Trends and key limiting factors of calcium perchlorate deliquescence on the surface of Mars

Liquid water is one of the most important component in the search for potential extraterrestrial life, with Mars being a high priority target. However, the present martian conditions do not allow large scale pure liquid water formation on its surface (Haberle et al., 2001); most of the studies point to ephemeral emergence (e.g. Brass et al., 1980; Knauth et al.; 2002; Mellon et al., 2000; Kereszturi et al., 2009}, but there are theoretical studies proposing a longer presence (e.g. Clow et al., 1987; Hecht et al., 2002). Transient formation of salty brines is a feasible candidate for water formation, as multiple martian rovers have already identified perchlorate salts on Mars (Hecht et al., 2009; Navarro et al., 2010; Leshin et al., 2013; Ming et al., 2014). Since perchlorates are hygroscopic, they can form aqueous solutions if the temperature and relative humidity is suitable through a process called deliquescence (Gough et al., 2011; Gough et al., 2014; Fischer et al., 2014; Nuding et al., 2014; Zorzano et al., 2009).
 
 The relative humidity was calculated with surface temperature, atmospheric pressure and water vapor volume mixing ratio data from Laboratoire de Météorologie Dynamique Mars General Circulation Model (LMDZ GCM) version 5. This climate model is detailed in Hourdin et al. (2006) the second generation of the model described in the works of Sadourny et al. (1984) and Forget et al., (1999). The data were simulated for the Mars year 29. To derive the relative humidity with respect to ice and with respect to liquid, the saturation water vapor volume mixing ratio was calculated with an equation based on the Goff-Gratch equation (Goff & Gratch, 1946; List,1984). For the detailed calculations please refer to the methods section of Pál et al. (2020).
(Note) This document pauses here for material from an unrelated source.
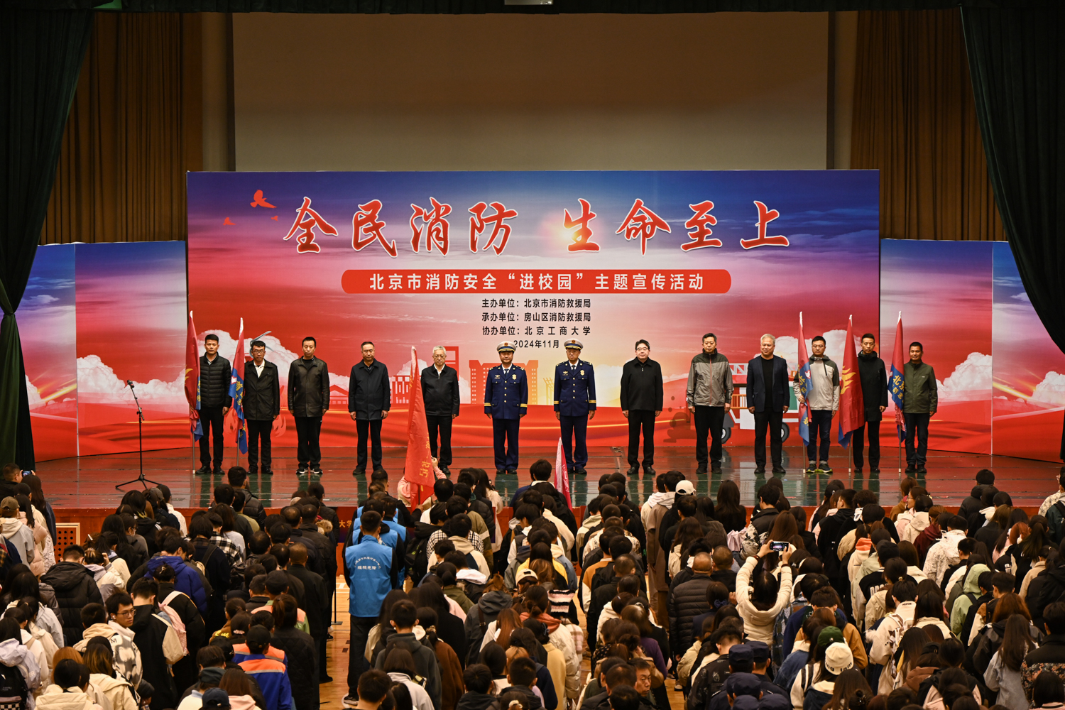 11月13日下午,北京市消防救援局在學(xué)校良鄉(xiāng)主校區(qū)文體館舉辦消防宣傳“進(jìn)校園”暨消防宣傳月系列活動(dòng)。此次活動(dòng)以“全民消防,生命至上”為主題,旨在提高師生消防安全意識(shí),增強(qiáng)校園火災(zāi)防控能力。學(xué)校黨委副書記李中奇出席活動(dòng),市消防救援局、房山區(qū)消防救援局、良鄉(xiāng)大學(xué)城管委會(huì)、北京工商大學(xué)、北京中醫(yī)藥大學(xué)、北京理工大學(xué)、首都師范大學(xué)和中國社會(huì)科學(xué)院大學(xué)、北京消防志愿服務(wù)總隊(duì)志愿者代表、房山區(qū)各消防志愿服務(wù)隊(duì)志愿者代表、高校學(xué)生代表和社會(huì)各界及群眾代表約1000人參加了活動(dòng)。

 Consider the instances, when every necessary circumstances were met except for one. Summing these cases up and taking a look at the statistics, we can get a clearer picture of the limiting circumstances according to time and location (Fig. 1, Fig. 2). The local times taken into consideration were between 9 PM and 5 AM. The reason for this is that outside this time frame, the chance for deliquescence is considerably lower. The percentages are calculated with respect to every single location between 80°N - 80°S and time; for example 35 % of dry scenarios mean that compared to all instances (43 latitude gridpoints, 65 longitude gridpoints and 669 sols totaling 1 869 855 cases), 35 % of them (approximately 654 449) fell into the dry scenario.  
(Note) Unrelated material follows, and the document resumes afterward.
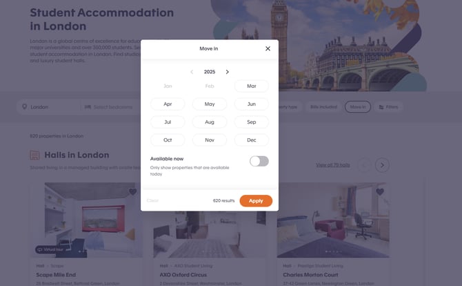Then select the move in filter on the search bar. Then select the month and year you want to move in and select apply.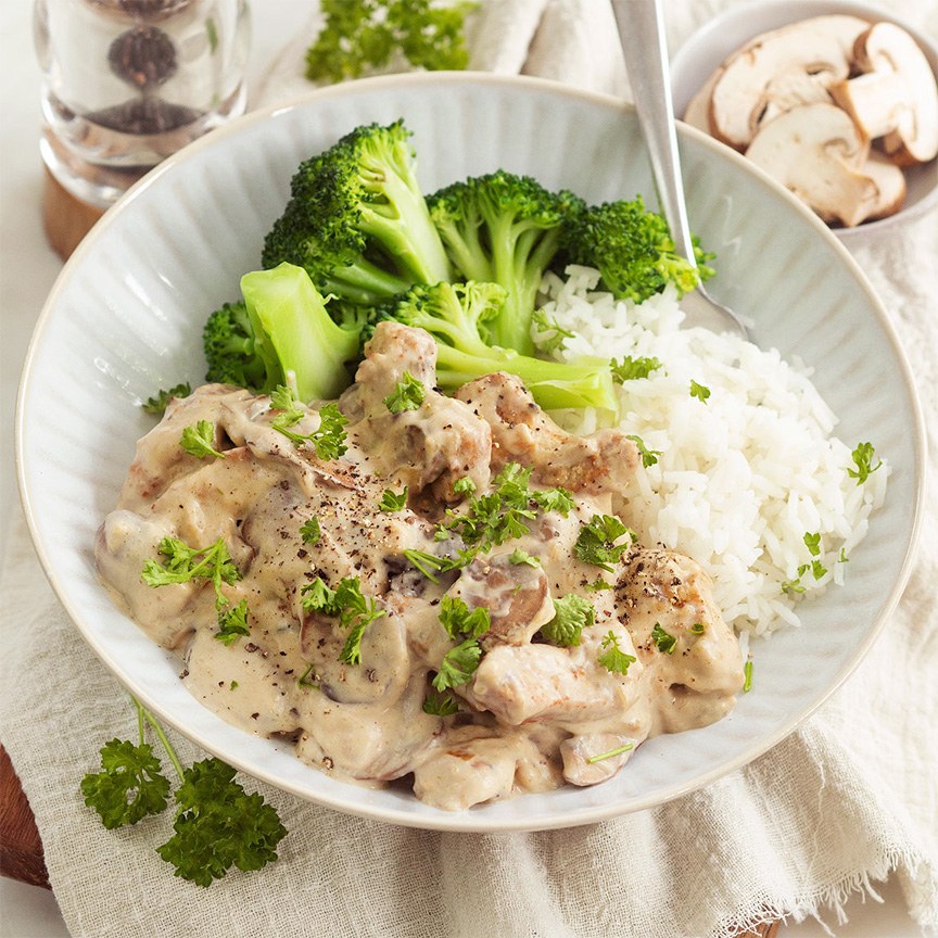 12. Serveer de kip in champignonroomsaus met rijst en broccoli. Garneer met wat peterselie.

If we examine the Mars year 29 and separate the data by hemispheres and by seasons, the data suggests that most of the time relative humidity is the primary limiting factor. Even though the temperature is above the necessary eutectic temperature, the relative humidity remains too low (dry scenario). This is a substantially more frequent case, than the instances, when either the relative humidity with respect to liquid is high enough with too low temperatures (cold scenario), or the relative humidity with respect to ice is too high, favoring nucleation instead of deliquescence (nucleation scenario).

 

Separating by seasons, the local spring and summer show much higher percentages of being too dry with sufficient temperatures. Besides, the local spring and summer in the northern hemisphere show the highest chance for deliquescence (ideal scenario) between 9 PM and 3 AM. There is a similar trend in the southern hemisphere, but with overall lower percentages and mostly between 11 PM and 3 AM. In the southern hemisphere between 1 AM and 5 AM the instances for too cold scenarios also increase, resulting in a 8-15 % chance.
 
 There is one particularly interesting time, which is 1 AM in the southern hemisphere, during the local autumn. At this time the percentage for too cold scenarios is 74.6 %, an obvious outlier compared to all the other cold cases. If we take a look at a close-up between sol 1 and sol 194 at the southern hemisphere at 60°S, 1 AM local time, the relative humidity is elevated between sol 1 and sol 80, the beginning of the local autumn (Fig. 3). This elevation is visible at all latitudes, 60°S was selected as an illustration. Comparing the 1 AM data with 11 PM and 3 AM data, in the latter cases the relative humidity is still elevated at the beginning of the year, but not enough to stay above the necessary minimum level for calcium perchlorate. At the same time, the surface temperature remains strictly below the eutectic temperature (Fig. 4), thus we arrive at the 74.6 % of cold scenarios.

Overall the data suggests that relative humidity is the main limiting factor to deliquescence during local spring and summer in both hemispheres. The percentages, where surface temperature was high enough with relative humidity w.r.t. ice still low enough is considerably higher, than the other scenarios (too cold or nucleation). The northern hemisphere seems more favourable between 9 PM and 3 AM, while in the southern hemisphere between 1 AM and 3 AM are suggested as more ideal times. From the hemispherically and seasonally averaged data we can conclude, that the overall chance for ideal periods is still rather low, but usually not zero. Reviewing local “hot spots for deliquescence” might be a good follow up to these results.